+++ Extracted entries

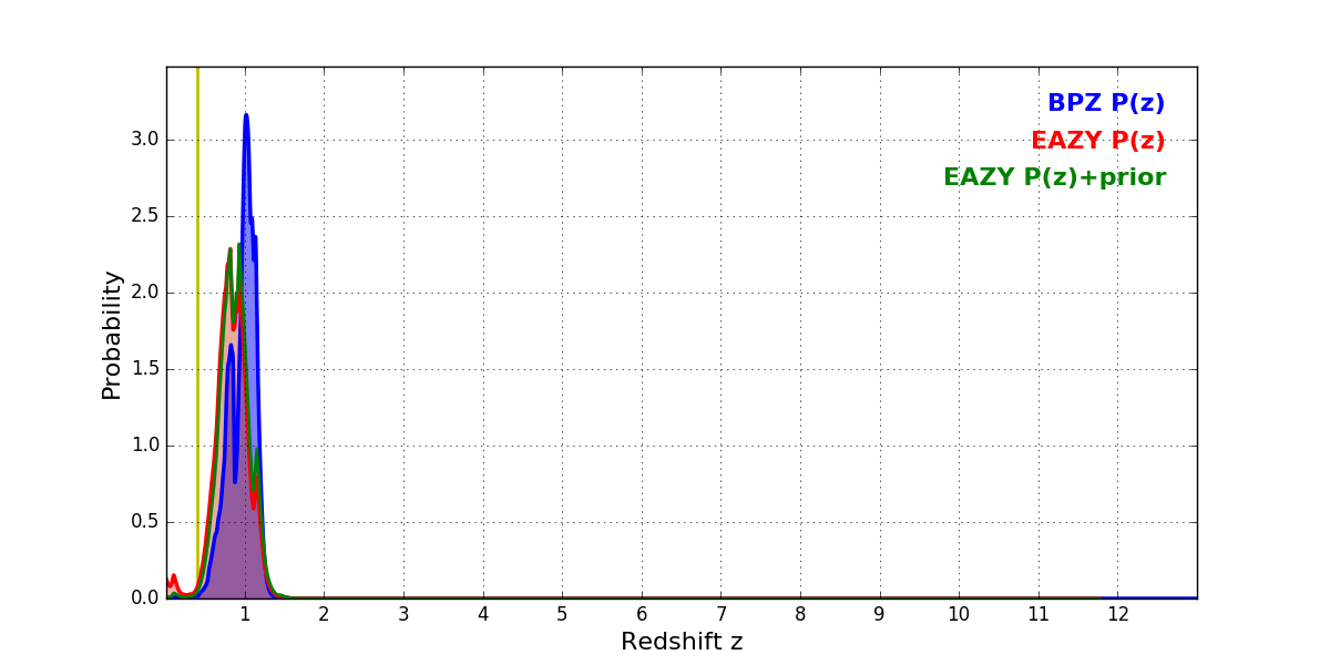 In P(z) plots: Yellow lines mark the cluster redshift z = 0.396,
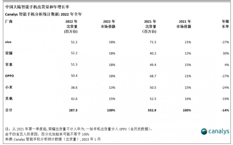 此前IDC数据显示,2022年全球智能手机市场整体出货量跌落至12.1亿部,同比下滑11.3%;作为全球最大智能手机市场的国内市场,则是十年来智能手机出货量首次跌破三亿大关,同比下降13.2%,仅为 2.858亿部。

++++++
+++ Extracted entries

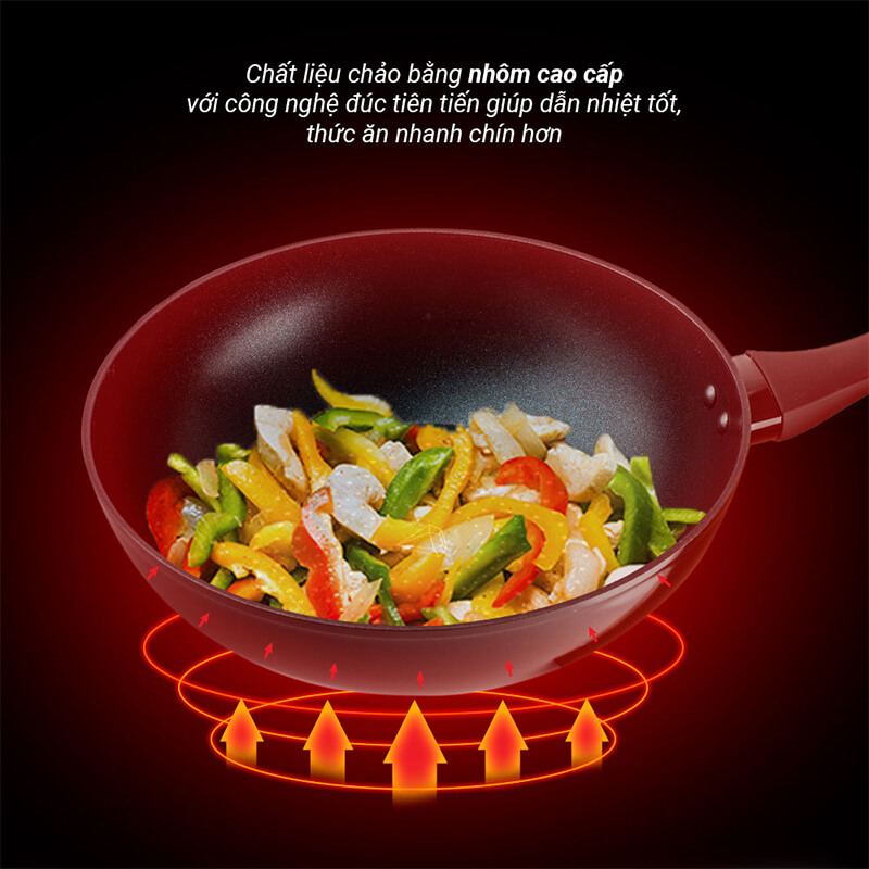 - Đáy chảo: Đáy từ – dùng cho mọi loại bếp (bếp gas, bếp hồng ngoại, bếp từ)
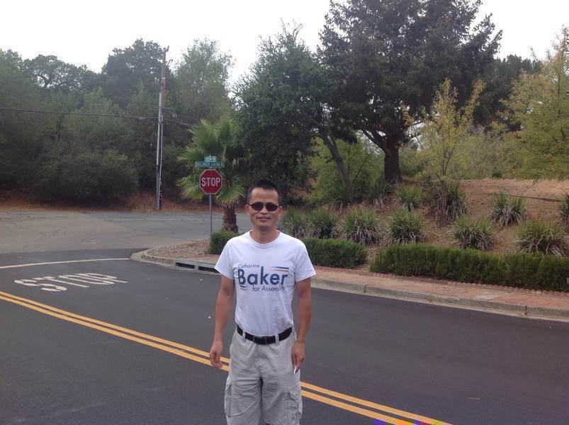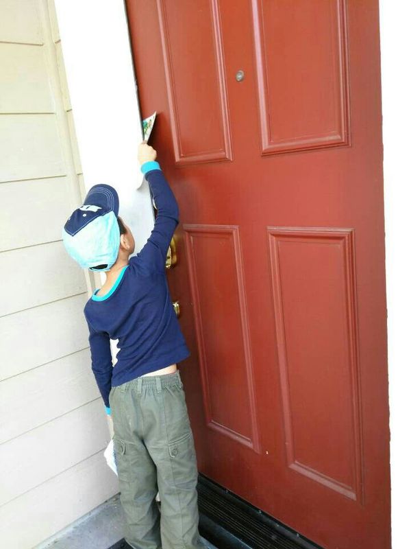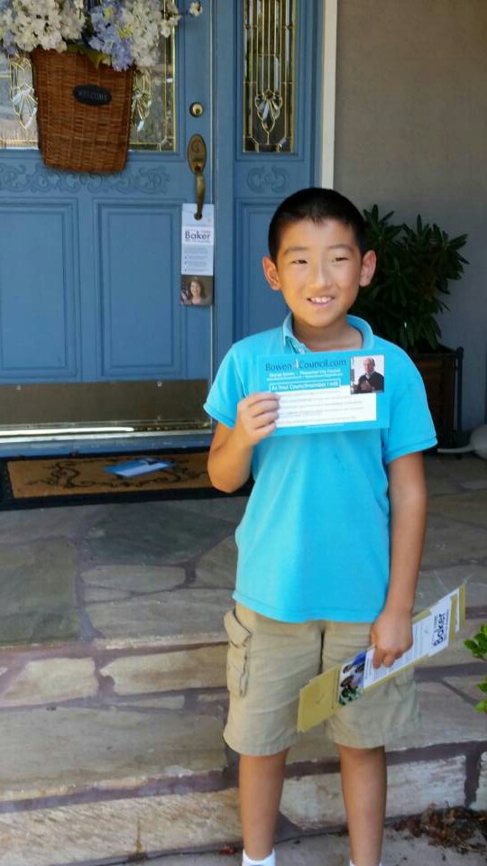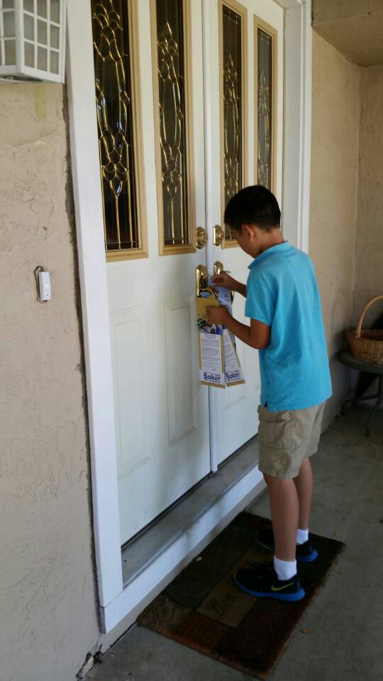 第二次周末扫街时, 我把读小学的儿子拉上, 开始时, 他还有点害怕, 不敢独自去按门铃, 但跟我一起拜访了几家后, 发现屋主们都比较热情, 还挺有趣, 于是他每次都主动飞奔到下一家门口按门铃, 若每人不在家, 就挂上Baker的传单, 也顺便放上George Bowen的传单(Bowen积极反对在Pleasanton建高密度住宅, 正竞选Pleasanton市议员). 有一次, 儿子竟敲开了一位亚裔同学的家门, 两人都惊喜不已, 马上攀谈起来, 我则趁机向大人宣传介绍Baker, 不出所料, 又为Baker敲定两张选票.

++++++

What to do –
Leaving out each picture, repeat exactly the lines above from the one that contains "In P(z) plots: Yellow" through the one that contains "此前IDC数据显示,2022".

Answer section –
 In P(z) plots: Yellow lines mark the cluster redshift z = 0.396,
 此前IDC数据显示,2022年全球智能手机市场整体出货量跌落至12.1亿部,同比下滑11.3%;作为全球最大智能手机市场的国内市场,则是十年来智能手机出货量首次跌破三亿大关,同比下降13.2%,仅为 2.858亿部。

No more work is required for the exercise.